The Department of Pesticide Regulation partnered with a farmworker advocacy group to host an event dubbed a Toxic Tour of Santa Maria farms last Saturday, stoking outrage among farm groups. While the department has distanced itself from the inflammatory language, it did not buckle to industry pressure and back out of the event, heralding it instead as an opportunity to closely engage with the environmental justice community.

The event fell on the heels of the state passing a dramatic increase on the mill assessment to fund DPR programs and activities. Farm groups worry the added revenue from the sales tax will finance more such tours.

Last week Agri-Pulse obtained a flyer promoting the event, with DPR’s logo featured prominently at the top. The image appears to show children running away from a farm. DPR’s partner in the event was the Central Coast Alliance United for a Sustainable Economy, or CAUSE. The same group is pushing Santa Barbara County to boost the minimum wage for farmworkers to $26 per hour.

The notion of a toxic tour traces back to the U.S. EPA, which has funded educational visits to superfund sites inundated with hazardous contamination. DPR’s toxic tour included farms and oil wells, but not superfund sites. Officials from DPR as well as the California Air Resources Board traveled to Santa Maria to board a bus with CAUSE organizers and local high school students. They drove around local farm fields and stopped at school sites to discuss the nearby agricultural operations.
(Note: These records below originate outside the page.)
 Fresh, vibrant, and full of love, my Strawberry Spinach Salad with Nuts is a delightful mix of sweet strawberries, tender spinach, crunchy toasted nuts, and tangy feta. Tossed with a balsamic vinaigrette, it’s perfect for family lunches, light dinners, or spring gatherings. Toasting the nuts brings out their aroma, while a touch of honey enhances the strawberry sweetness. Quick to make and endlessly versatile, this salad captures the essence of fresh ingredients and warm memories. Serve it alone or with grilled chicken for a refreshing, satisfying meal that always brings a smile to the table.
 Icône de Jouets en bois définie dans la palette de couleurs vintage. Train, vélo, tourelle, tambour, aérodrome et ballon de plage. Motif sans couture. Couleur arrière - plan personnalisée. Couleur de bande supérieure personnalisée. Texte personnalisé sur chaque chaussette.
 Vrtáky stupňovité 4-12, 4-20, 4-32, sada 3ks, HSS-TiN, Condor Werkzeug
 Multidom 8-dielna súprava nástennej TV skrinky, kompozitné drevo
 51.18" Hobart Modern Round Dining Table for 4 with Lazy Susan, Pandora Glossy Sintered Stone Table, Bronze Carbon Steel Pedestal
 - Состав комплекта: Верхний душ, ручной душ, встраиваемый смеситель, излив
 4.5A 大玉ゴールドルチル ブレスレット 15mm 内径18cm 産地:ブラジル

The department decided to partner with CAUSE on the tour without reaching out to growers,  raising confusion and frustrations in the farming community and with the local agricultural commissioners tasked with enforcing DPR’s regulations.

Maureen McGuire, executive director of the Ventura County Farm Bureau, wondered why the department would allow CAUSE to conflate environmental disasters with farm tours. McGuire led an industry response to counter the provocative language and to urge closer collaboration with farmers. The coalition she formed encompasses county and state farm bureaus, the California Strawberry Commission and local business development associations. In a letter to DPR Director Julie Henderson, it called on the department to immediately withdraw its participation and its endorsement of the activist-led event.
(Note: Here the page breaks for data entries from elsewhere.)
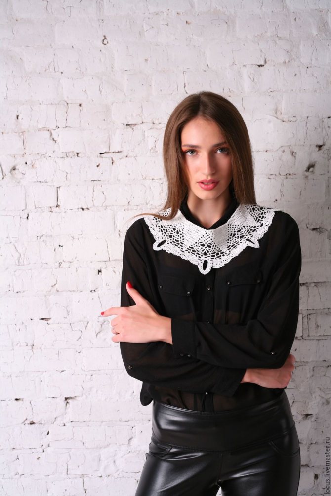 Воротник можно выполнить из купленного в магазине гипюра или связать крючком. Сделайте из бумаги выкройку, из гипюра выкроите две одинаковые детали, сшейте их и выверните швами внутрь. Зашейте потайным швом последнюю сторону, пришейте крючки или кнопки. На джемпер (с внутренней стороны горловины) пришейте петли или вторую половину кнопки, чтобы они совмещались с воротником. Вуаля!
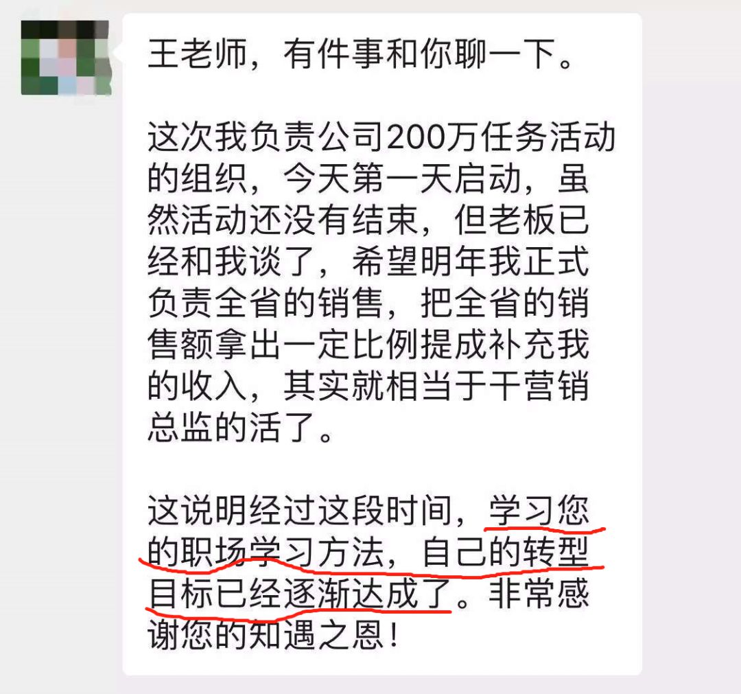 万达的一个高管通过学习课程,升了职后表示:“这个课程是自己的宝贝,自己分享出去就丧失了竞争力。”
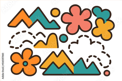 abstract, geometric, nature, modern, flat, colourful, shape, mountain, flower, playful, vibrant, design, decor, art, creative, trendy, dynamic, aesthetic, pattern, contemporary, illustration, graphic, element, decoration, visual, artistic, bright, unique, composition, layout

Insinuating that agricultural operations are toxic fosters bias, promotes activism over lawful regulation and targets compliant businesses. It serves to damage DPR’s integrity and erode the trust of the agriculture community it serves, according to the letter.

DPR Toxic Tour DPR's Toxic Tour flier provoked ag outcry.
The coalition seized on a DPR report issued last week showing no pesticides exceeded the safe screening levels in 2023. Anything higher would indicate a potential spray drift violation. Just 5% of the sample analyses contained any trace of pesticides. Characterizing the industry as toxic is “not only factually incorrect but also a gross misrepresentation of a sector that embodies cultural heritage, resilience, and economic stability,” according to the letter.

The coalition speculates that endorsing the event with the DPR logo “effectively deputized non-government activist groups, granting these groups implied regulatory authority to act under DPR’s authority.” They called it a dangerous precedent, since the same activists have violated reentry intervals for fields after applications, harassed workers and disturbed operations “under the guise of public interest.”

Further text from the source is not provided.